Review - Benromach 50 years old

This whisky is the oldest ever single malt release from the small Speyside distillery of Benromach. The Benromach 50 years old is taken from a rare single re-fill ex-Oloroso sherry hogshead cask (Cask #2003). This was distilled and filled in 1969, and has been maturing in a dunnage warehouse at Benromach ever since. The antique cask was hand selected by Keith Cruikshank, who has been the Distillery Manager since 2000, and it has yielded just 125 bottles. These will be available in selected specialist whisky retailers and other high-end stores worldwide.

Benromach was founded in 1898 and built next to the Aberdeen-Inverness railway line in Forres. It remains one of the smallest operating in the Speyside region and was one of the last designed by the renowned Victorian distillery architect Charles Doig. It was built as Forres Distillery and became Benromach in 1919, taking the name from the nearby Romach Hills. Benromach is currently owned by Gordon & MacPhail and they renovated it after a period of closure, re-opening in 1998. The current annual production is 500,000 litres, although this will increase with a planned expansion.
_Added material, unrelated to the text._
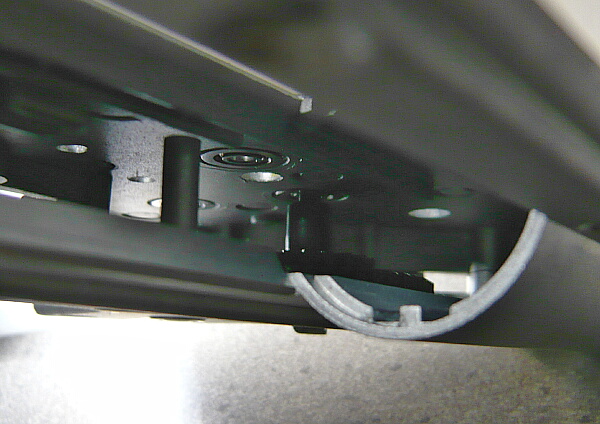 メカボックス内を覗き込むと、この状態でもまだ右内側にはかなり浮いていて、相当な量のシムを挟む必要がありそうです。

The Benromach 50 years old is bottled at the natural cask strength of 44.6% ABV and is non chill-filtered and of natural colour. It is presented in a bespoke decanter and wooden casket with a price of £8,000/ €9,000/ $10,000 US each.

Our tasting notes
The colour is a deep mahogany brown and the nose is rich and expressive. Initial aromas of milk chocolate and coffee are backed up by robust malted cereals and rum n' raisin ice cream. There are also further aromas of prunes, dates and figs with some soft and earthy wood spices. A whiff of delicate peat smoke rounds things off.
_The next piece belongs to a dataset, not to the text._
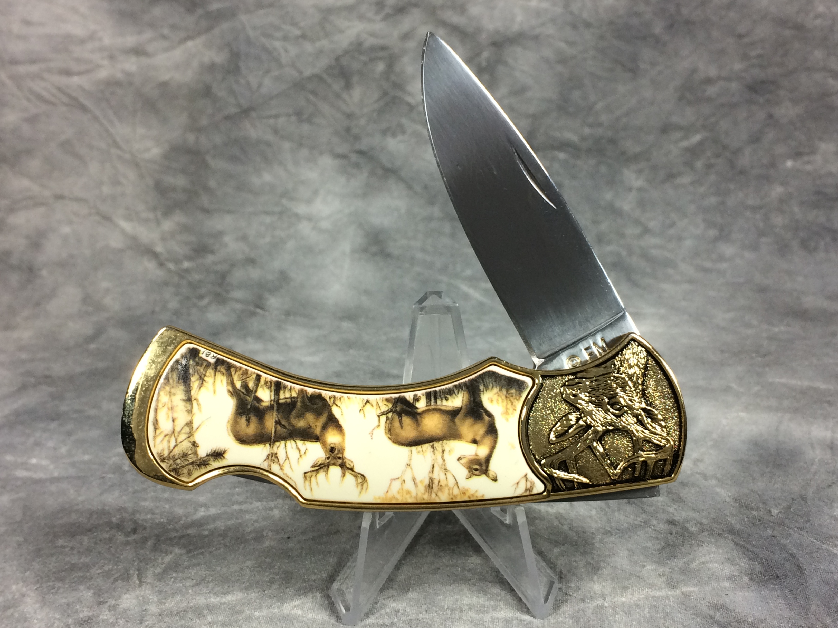 FRANKLIN MINT Deer Folding Lockback Collector Knife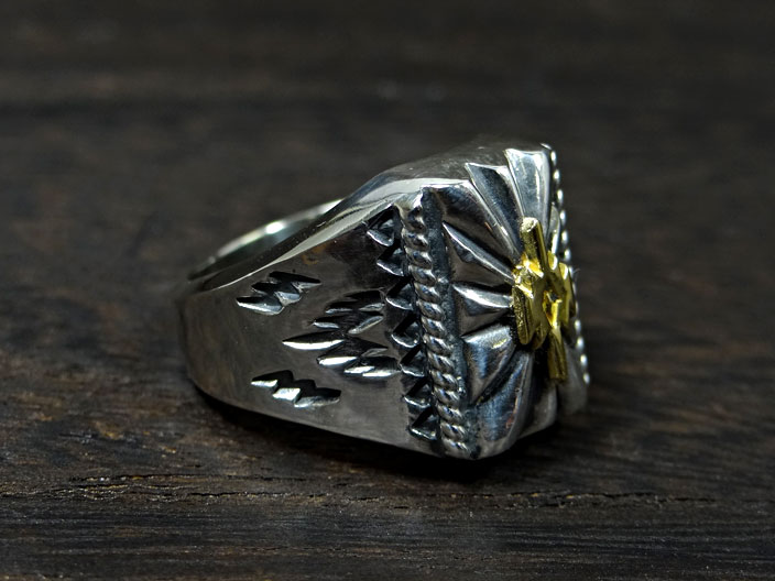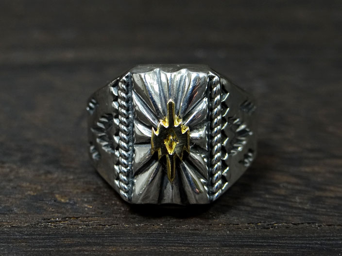 Dear Blossom(ディアブロッサム)『スクエアサンバースト+K18チマヨポイント 印台リング』(R-041-K18CUSTOM)インディアンジュエリー/指輪/シルバー/ゴールド

On the palate this whisky has an immediate juiciness and vibrancy that belies its age. First comes a wave of prune juice and raisins with hints of apricot jam and black treacle. This is followed by further notes of butterscotch, caramel and warm ginger cake. The complexity and depth continues to develop with the introduction of candied peel, orange oil and crystalised ginger, along with wood and baking spices - think of cinnamon, mace, all-spice with a hint of clove and liquorice root. A robust maltiness and some faint earthy smoke also gets added in to the mix, plus final hints of cocoa powder and menthol tobacco.

The finish is long and juicy. It has so much depth. The dried fruits linger well, before giving way to the more robust malt and spices. The delicate soft smoke is always swirling around and now becomes more prominent.

What's the verdict?
It is a real treat to get to sample this rare whisky, the oldest that the distillery has ever released. Even with the amount of samples that we get sent and the amount of whisky that we are exposed to, we rarely get the opportunity to taste something of this age. The depth and complexity of flavour is exquisite.

Of course it is expensive, but then any whisky that is 50 years of age is going to be. You are paying for the extreme rarity, time and the experience of staff nurturing this cask through five decades in a warehouse. Not a 'whisky for everyone' for that reason (- sorry, someone always comments this whenever we review an expensive whisky), but it is a 'whisky for someone'. Fantastic stuff.